▶ [Exercise]:
Only the lines below between the one holding "Σακάκι T/R ριγέ" and the one holding "This captivating watercolor", inclusive, are to be reproduced word for word; the pictures are to be left out.

▶ [Data]:
======
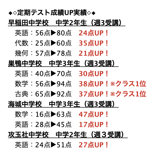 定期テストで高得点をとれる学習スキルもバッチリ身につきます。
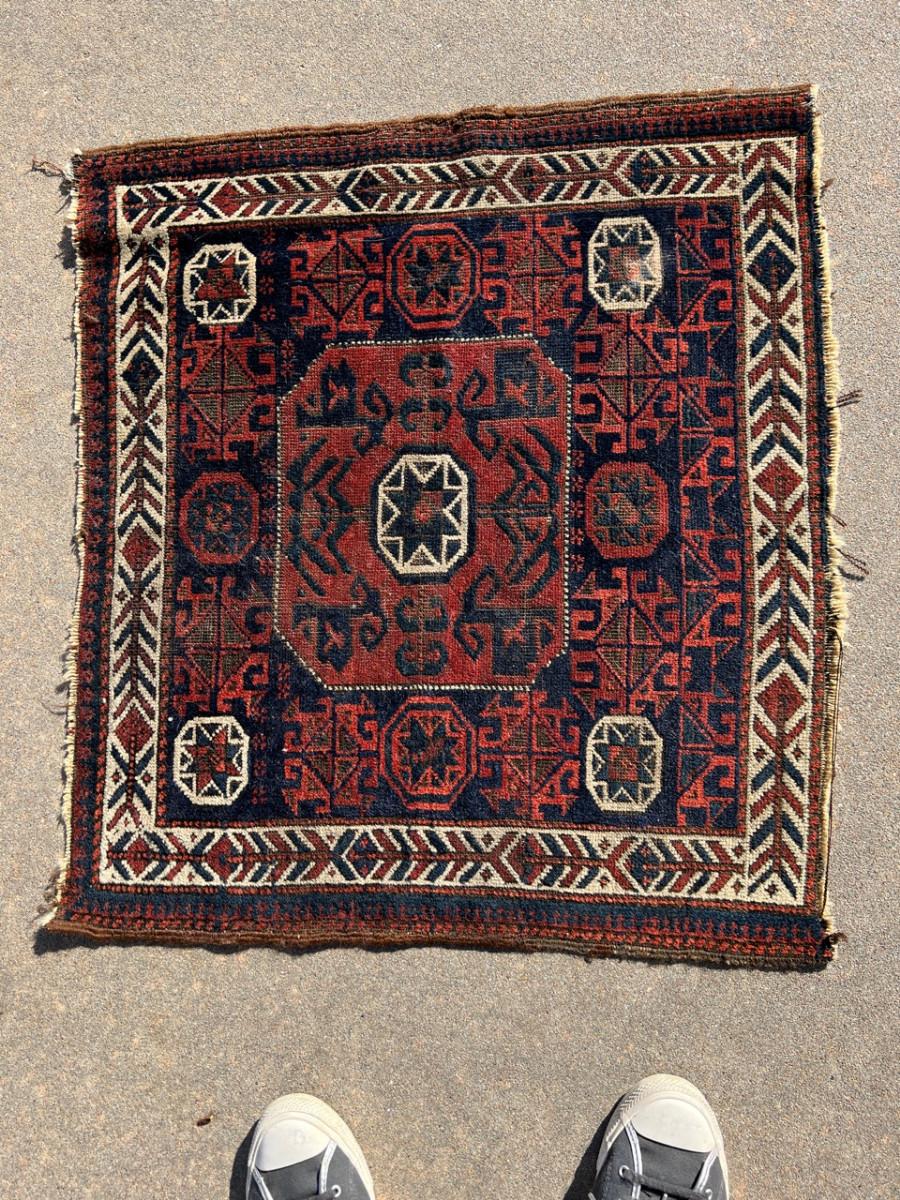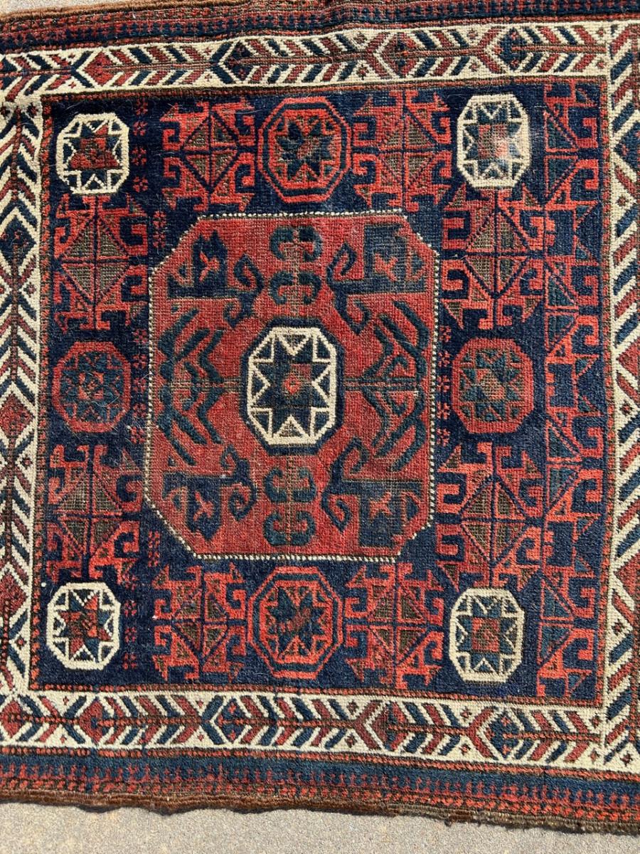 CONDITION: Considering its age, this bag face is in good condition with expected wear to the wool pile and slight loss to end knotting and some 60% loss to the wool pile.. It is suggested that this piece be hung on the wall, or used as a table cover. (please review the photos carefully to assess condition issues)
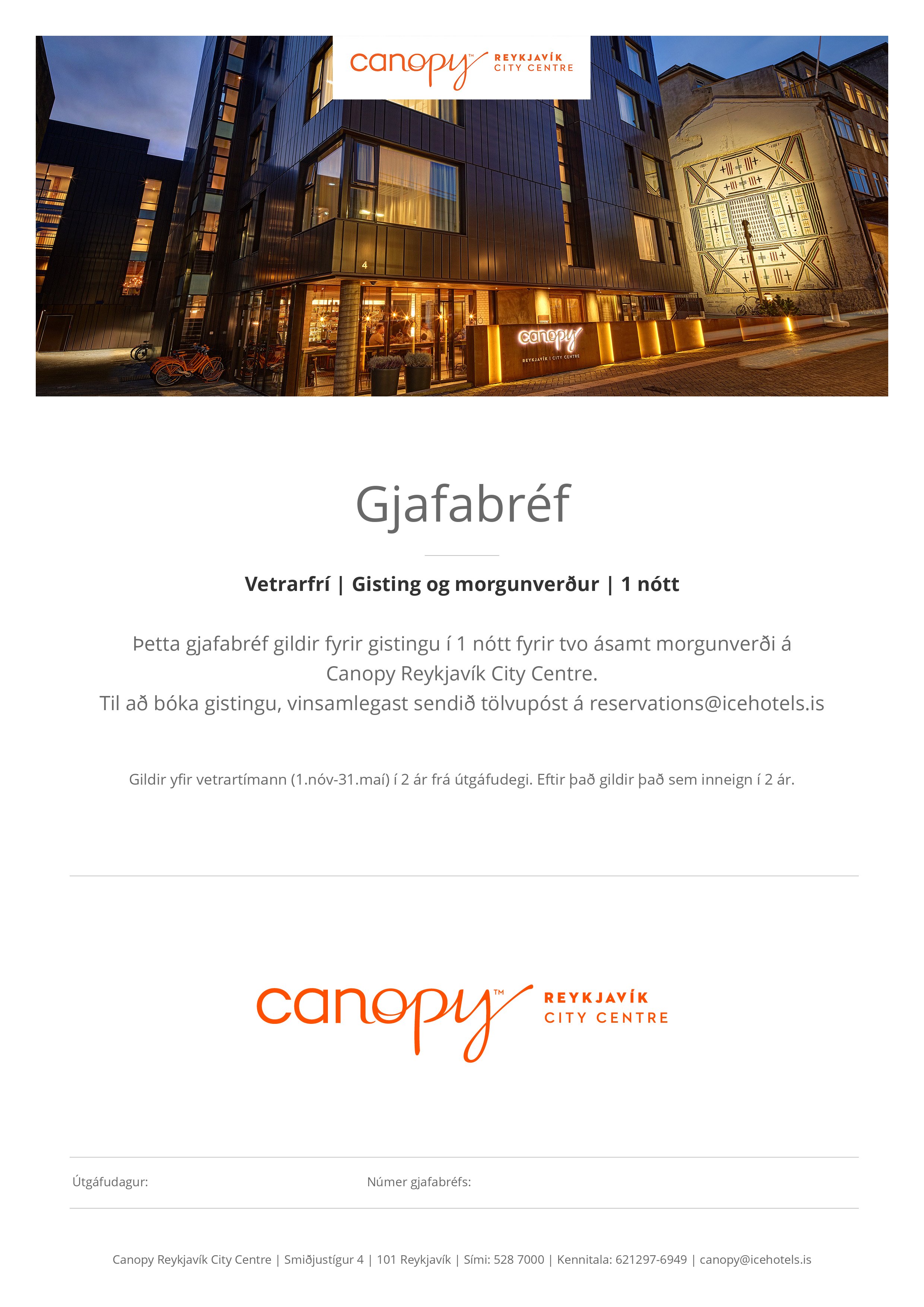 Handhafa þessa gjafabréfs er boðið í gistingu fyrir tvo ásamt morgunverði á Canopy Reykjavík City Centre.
======
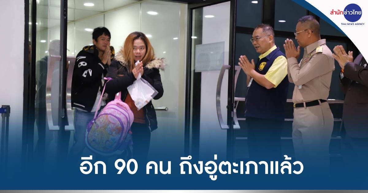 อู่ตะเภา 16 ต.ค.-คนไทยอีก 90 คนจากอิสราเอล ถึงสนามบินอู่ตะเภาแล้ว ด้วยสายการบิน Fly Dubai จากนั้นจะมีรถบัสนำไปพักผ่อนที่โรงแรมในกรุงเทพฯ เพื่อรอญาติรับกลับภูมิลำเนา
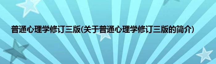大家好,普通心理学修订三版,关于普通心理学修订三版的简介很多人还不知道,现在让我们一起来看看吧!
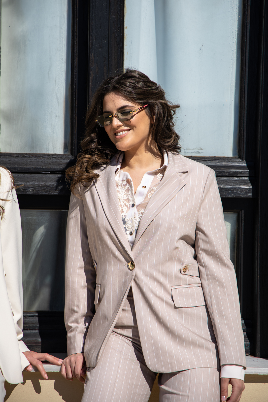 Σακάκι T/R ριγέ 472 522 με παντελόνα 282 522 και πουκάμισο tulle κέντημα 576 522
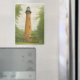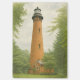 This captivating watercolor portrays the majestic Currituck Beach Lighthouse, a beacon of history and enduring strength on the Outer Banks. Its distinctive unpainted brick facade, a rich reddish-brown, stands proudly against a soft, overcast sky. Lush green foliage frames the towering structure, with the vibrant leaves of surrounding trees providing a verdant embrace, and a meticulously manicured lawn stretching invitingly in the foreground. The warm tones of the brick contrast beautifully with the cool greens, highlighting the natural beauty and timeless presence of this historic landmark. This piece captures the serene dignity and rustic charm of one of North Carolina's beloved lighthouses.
======
▶ [Task output]:
 Σακάκι T/R ριγέ 472 522 με παντελόνα 282 522 και πουκάμισο tulle κέντημα 576 522
 This captivating watercolor portrays the majestic Currituck Beach Lighthouse, a beacon of history and enduring strength on the Outer Banks. Its distinctive unpainted brick facade, a rich reddish-brown, stands proudly against a soft, overcast sky. Lush green foliage frames the towering structure, with the vibrant leaves of surrounding trees providing a verdant embrace, and a meticulously manicured lawn stretching invitingly in the foreground. The warm tones of the brick contrast beautifully with the cool greens, highlighting the natural beauty and timeless presence of this historic landmark. This piece captures the serene dignity and rustic charm of one of North Carolina's beloved lighthouses.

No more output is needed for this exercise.